That question is the logical end of a line of thinking that started a couple of years ago during a photo safari in South Africa. It came up again on a recent trip to Botswana. That led to some academic research and ultimately the question about the state of wildlife -- and humans -- in the world today.
|Wild giraffe in South Africa|
It all began as I rode around Kruger National Park with some other photographers with an observation that if we drove every mile of road in the park, we could see at best perhaps five percent of the total land area, and therefore only the animals in that five percent. We wondered if the animals in the other 95 percent behaved differently from the ones we could see. We stopped wondering when we stopped to photograph a family of giraffes browsing the trees near the road.
When the same conversation occurred two months ago in Botswana, I wondered if anyone had done any serious research around the question. Indeed, a few people have. One of them, Dr. Colin Beale, on the biology faculty at the University of York in England, was gracious enough to respond to an e-mail.
|A habituated lion|
Dr. Beale confirmed that research has shown that animals do "habituate" to human presence in places like Kruger Park. Deeper investigation has led to the idea that "not only ... animals in different parts of protected areas may well behave differently, but that the very same individual animal may well respond differently in different areas."
That suggests an even higher level of adaptation than I was not expecting.
As for the latter question, about predators and prey changing strategies to take advantage of human presence, I already knew the answer, at least as it
applies to marine animals. Scuba divers who go down on
tropical reefs at night are familiar with the phenomenon of tarpon and other
large predators swimming beside them, all but invisible in the dark, and then
streaking out to nab a grunt that the diver's light exposed before it could
find a hidey hole in the reef. That is clearly learned behavior, or, as the
biologists would put it, evidence of "habituation."

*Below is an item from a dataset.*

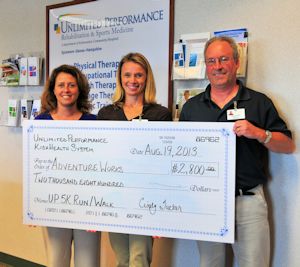 Cindy Tucker, director of KishHealth System Physical Therapy, and Chris Laurent, athletic trainer and 5K race director, of Unlimited Performance Rehabilitation & Sports Medicine, KishHealth System’s physical therapy department, presented a $2,800 donation to Adventure Works Executive Director Lynette Spencer, MSW, LCSW. Proceeds from the annual Unlimited Performance 5K Run/Walk are matched by KishHealth System and then donated to a local non-profit organization each year. This is the first time the health system has donated to Adventure Works.

|Tarpon use divers' lights to help them hunt|
In Africa, we speculated about whether prey animals like impala go on high alert when they see a traffic jam of safari vehicles. Any safari client knows that such a traffic jam, or "lion jam," as Dr. Beale puts it, means there's been a predator sighting. Could the antelopes have learned that, too?
|Lion and impala|
"Animals aren't silly and will take what cover they can," Dr. Beale said. "I've never thought that prey might learn to associate cars with predators, though, so guess that might be less of a chance."
Okay, so maybe prey animals are not as smart as predators (by our measures, at least). Maybe that's why they are prey. But hunters in Virginia have long insisted that deer in the vicinity of Shenandoah National Park seem to know when hunting seasons begins, as they seem to migrate into the sanctuary of the park until hunting season ends.
|Do impala know that a traffic jam means lions are about?|
The next question, of course, is so what? Does it matter? Sure, humans have made impacts on the planet, many of them harmful. In recent years, some people have tried to reverse some of the damage (see my recent blogpost about the ongoing recovery of the once endangered wood stork and other wildlife).
Of course, when we try to restore the planet, we need to know what we're restoring it to. Do we want to re-create the world before humans invaded? Good luck with that. The bottom line is we have done damage and much of it is permanent. With climate change and air and water pollution, our reach extends even into areas beyond our reach. There is no wilderness any more, nothing untouched by man.
|Is he really wild?|
Human life depends upon wildlife and wild places. It's that simple. The health of this great ecosystem known as Planet Earth depends upon biodiversity. The addition of humans to this ecosystem should have enhanced biodiversity, but the opposite has happened. We have accelerated the rate of extinction beyond what the ecosystem can sustain. What we have not killed off we have "habituated." Or is that just another form of extinction?
We need wild animals. We need wild places. We need places we can not and do not touch. We need to protect the planet and its other inhabitants from us, for our own sakes.